Hierarchical nonlinear structure - tree 03

Storage structure and to achieve binary tree

1. The binary sequence structure

A set of contiguous memory unit, storing sequentially in numerical order complete binary tree nodes.

1) Analysis of the relationship between the nodes: it is known that a number of the node, then the number can be extrapolated related, therefore, only the storage nodes can be numbered;
2) from junctions Analysis: Because the number of consecutive nodes , and therefore can do with it index vector is stored. Since the C language specified array index must start from zero, without this unit, and let the root node is stored at index position 1, so that the number of trees with the subscript position up on correspondence.

For a general binary tree, the binary tree form a completely filled if those nodes are missing, they may be numbered according to the numbering complete binary tree, the logical order of the node reflecting the relationship between the node.
If not a binary tree complete binary tree form, in order to maintain the relationship between nodes and had vacated many elements, resulting in a waste of space. To be allocated based on the actual number of nodes in the storage space, the list structure may be employed.

Linear representation of the tree

1. The bracket notation tree
parentheses expressed as A (B (D, E) , C (F)).

1) The algorithm is described
from left to right scan string tree parentheses represent:
① encountered left parenthesis, before a node onto the stack;
② right parenthesis encountered, the top element from the stack. DESCRIPTION top element in the subtree rooted structure is completed, the end of this time, if the stack is empty, the algorithm;
③ encountered node, then it must be the top element for the child, the child which is linked to the respective position of the top element on;
④ encounters a comma, skipped.

2. The tree representation of the layer number of
a hierarchical tree representation order: 1A, 2B, 3D, 3E , 2C, 3F.

1) algorithmic descriptions
set i, j is a neighbor node layer number, node i to node j, i and j before
① if i> j, i j is located on the lower level, and just the first j children;
② if i = j, two nodes in the same layer, they have a common parent;
③ if i <j, then i, j an ancestor node of each other brothers, i find the roots of the direction of parents j brothers, to find their common parent.

2. Binary Tree chain structure

Binary list - each node of the binary tree contains two pointers pointing to the domain corresponding branch.

Data structure description:

typedef struct node{
     datatype data;
     struct node *lchild,*rchild;
 }bitree;

Trigeminal chain store

In addition to children around outside, plus the parents address, constitutes a binary tree of the trigeminal chain store.

Triple list

Record left children, parents, brothers and right.

Static binary list

An array storage node contact list.

3. Establish a dynamic binary list

Creating a level binary input method list:

Dynamically created all nodes of the tree, the node address of the node numbers sequentially filled by Q array sequentially fill the left and right child pointer field of each node. For example:


Note: The algorithm of FIG stop condition, i <+1 reciprocal number of nodes all over the second layer.

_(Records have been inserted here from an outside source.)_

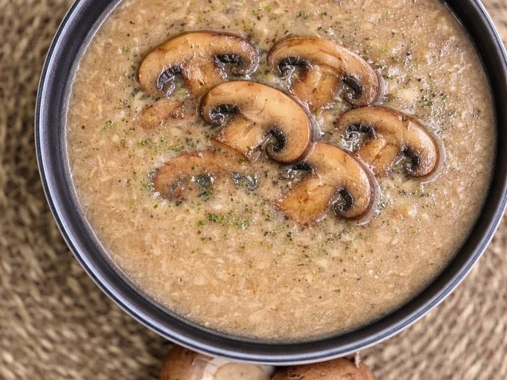 A smooth, comforting soup made from mushrooms and finished with cream.
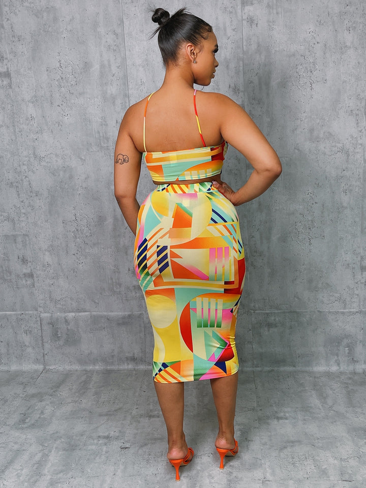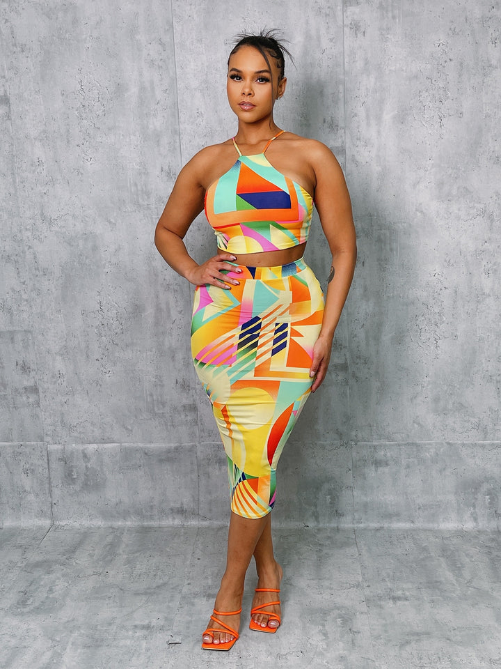Sleeveless crop top and skirt
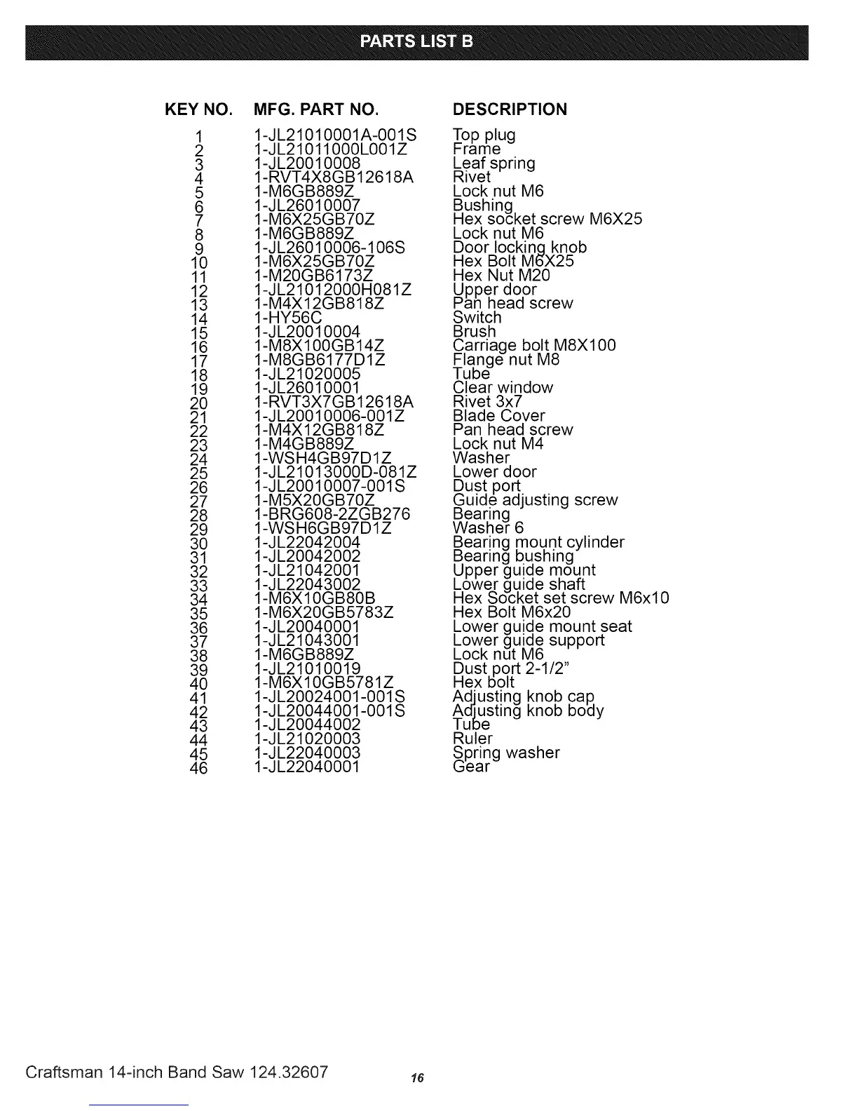 Craftsman 14-inch Band Saw 124.32607 16
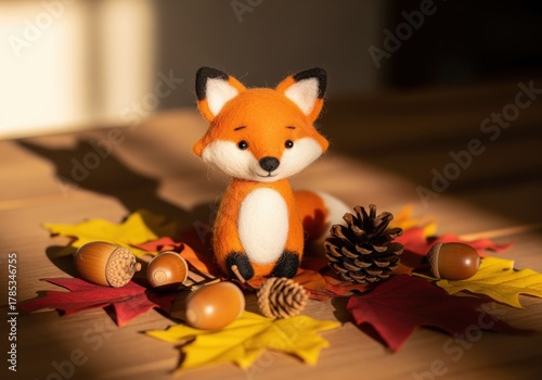 Fototapeta premium Cute felt fox figurine surrounded by autumn leaves, acorns, and pinecones on...

Create a hierarchy of binary input method two lists:

Input node information, if the input node is not a virtual node, a new node is established. If the new node is a first node, then make it as root, otherwise the new node as a child is linked to its parent node. Until the end of the input symbol "#" so far.


Program:

/*===============================================
函数功能：层次输入法创建二叉链表
函数输入：无
函数输出：二叉链表根结点
键盘输入：按完全二叉树结点编号规则顺序输入结点值，空结点为@
====================================================*/
BinTreeNode *Q[16]; //队列Q放树结点地址
BinTreeNode *CreatBTree()
{ 
    char ch;
    int front=1,rear=0;
    BinTreeNode *root = NULL, *s;
    ch=getchar();
    while(ch!='#')   //结束标志
    {   
        s=NULL;
        if (ch!='@')  //空结点
        {    
              s=(BinTreeNode *)malloc(sizeof(BinTreeNode)); //生成新结点
              s->data=ch; 
              s->lchild=NULL;  
              s->rchild=NULL;
        }
          Q[++rear]=s;  //结点入队
          if (rear==1) root=s; //记录根结点
          else
          {  
              if (s && Q[front])
              {  
                  if (rear%2==0) Q[front]->lchild=s; //左孩子入队
                  else Q[front]->rchild=s;  //右孩子入队
              }
              if (rear%2==1)  front++; //新结点是双亲的右孩子，则双亲结点出队            
          }
      ch=getchar();
    }
    return root;
}

represents a front position of each cycle root; REAR decided if the first position in the array, the second loop found if the left child or right subarray, the third value if End Analyzing Ruoyi assigned to the right child array; let root location plus 1.